Hotel/Casino
Lake
Mead
Mobile Notary
Fontainebleau Las Vegas
89109

Fontainebleau Las Vegas
(702) 678-7777
2777 S Las Vegas Blvd, Las Vegas, NV 89109
When you need discreet, professional mobile notary services at Fontainebleau Las Vegas, Lake Mead Mobile Notary provides certified 24/7 on-site notarization for hotel guests, executives, and luxury travelers. Whether you're staying at this 67-story iconic resort opened in December 2023, relaxing by the resort-style pool, or dining at celebrity chef restaurants, our licensed notaries deliver fast, confidential document verification directly to your room or private meeting space.
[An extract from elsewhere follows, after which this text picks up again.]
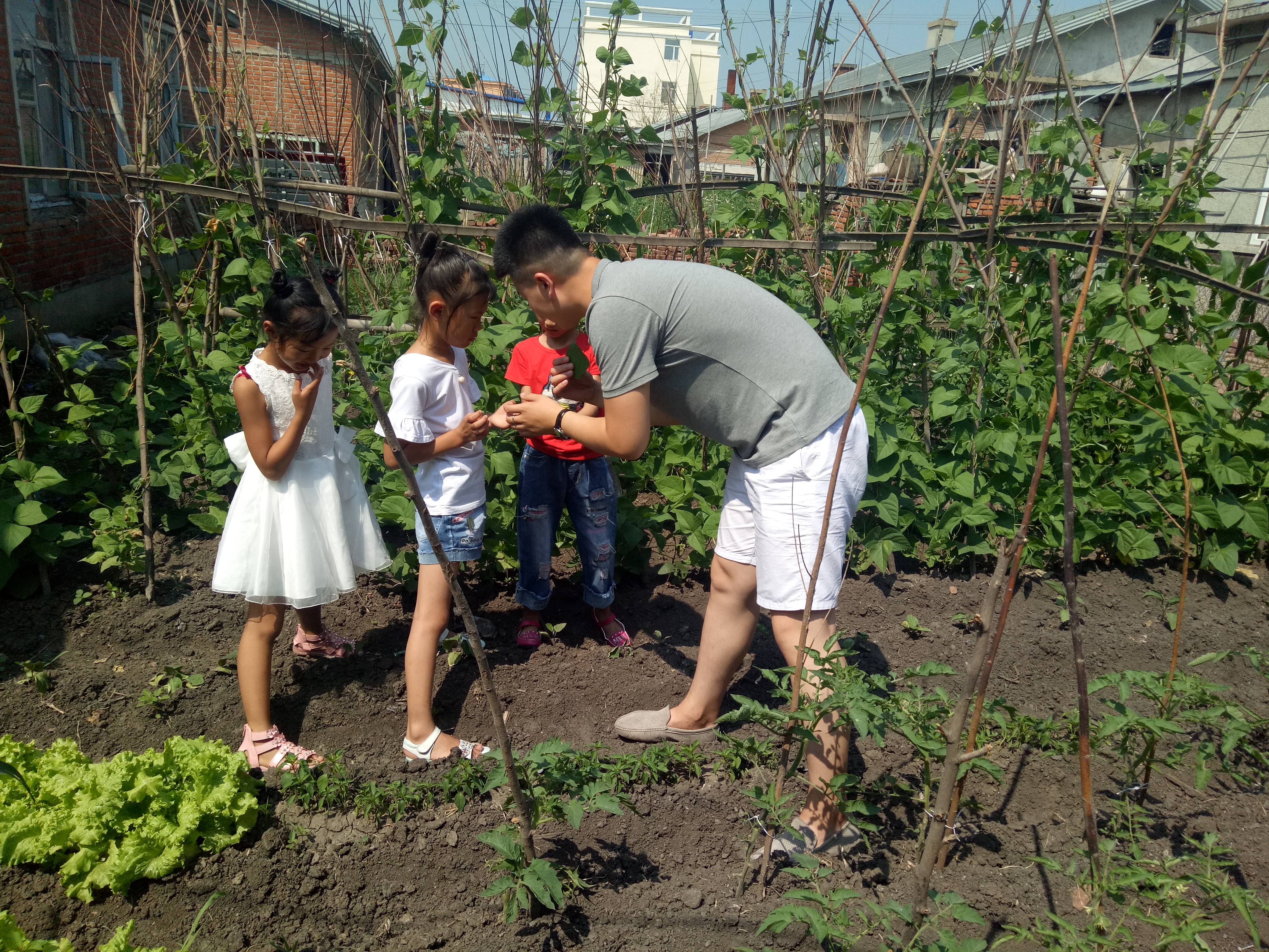 来到农家小菜园,才了解到“浓缩才是精华”的含义,种地面积丝毫没有影响到种植蔬菜的种类和质量。这个季节的部分蔬菜果实还没成熟。小朋友们一边好奇的问志愿者们“这是什么蔬菜?”一边把已经熟透了的瓜果柿子摘下来送给大哥哥大姐姐们。这个小小看似不经意间的举动让志愿者们心里一暖,可同时也给志愿者们出了难题,普遍大众蔬菜我们了解认识,可有些还没有果实并且冷门的蔬菜着实让我们也一筹莫展。还好有刘老师在,面对小朋友们接踵而来的问题,老师都一一详细的解答。志愿者及小朋友们对刘老师对蔬菜的认知、了解,充满钦佩之情。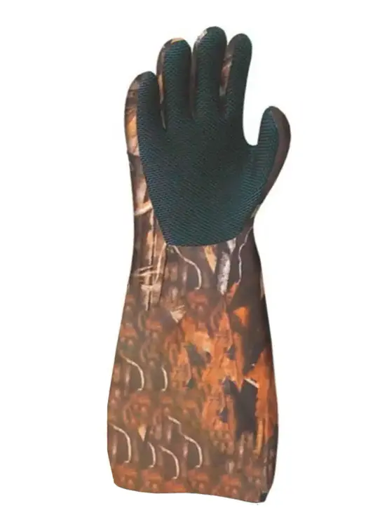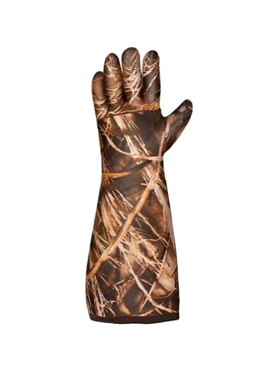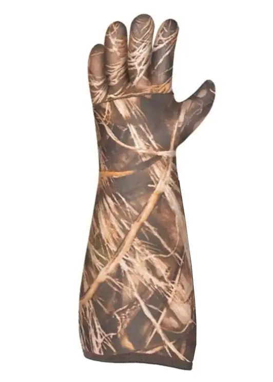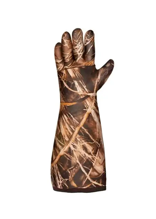 Перчатки универсальные для охоты на водоёме изготовлены из высококачественного неопрена с водонепроницаемостью 100%. Они обеспечивают надёжную защиту от влаги и холода, что особенно важно при охоте на водоёмах в прохладную погоду или в условиях повышенной влажности. Цвет перчаток Realtree Max-5, который имитирует окраску листьев и веток деревьев, что делает их незаметными на фоне окружающей среды. Это позволяет охотнику оставаться незамеченным и повышает шансы на успешную охоту. Длина перчаток составляет 50 см, что обеспечивает комфортную посадку на руке и свободу движений. Манжеты перчаток регулируются, что позволяет подогнать размер под индивидуальные особенности руки. Перчатки имеют нескользящую поверхность в области ладоней, что обеспечивает надёжный захват и предотвращает скольжение рук при работе с чучелами или подборе уток. Это делает процесс охоты более комфортным и безопасным.

We service all areas of the resort complex, including 3,644 guest rooms and suites, the 173,000-square-foot casino, Lapis Spa, celebrity restaurants, the pool complex, and meeting spaces. Our mobile notaries specialize in power of attorney, real estate transactions, business contracts, estate planning, and international travel documents throughout ZIP code 89109.
Whether you're finalizing legal documents before a show, notarizing business contracts from your suite, or completing real estate paperwork in the tallest building in Nevada, Lake Mead Mobile Notary ensures efficient, compliant notarization at the Strip's newest luxury destination named to Time's World's Greatest Places.
Fontainebleau Las Vegas is a luxury resort and casino located at 2777 South Las Vegas Boulevard. Opened on December 13, 2023, after a development journey spanning over 15 years, it stands as the tallest occupiable building in Nevada at 737 feet (67 stories) and was developed at a cost of $3.7 billion, making it the second most expensive resort in Las Vegas.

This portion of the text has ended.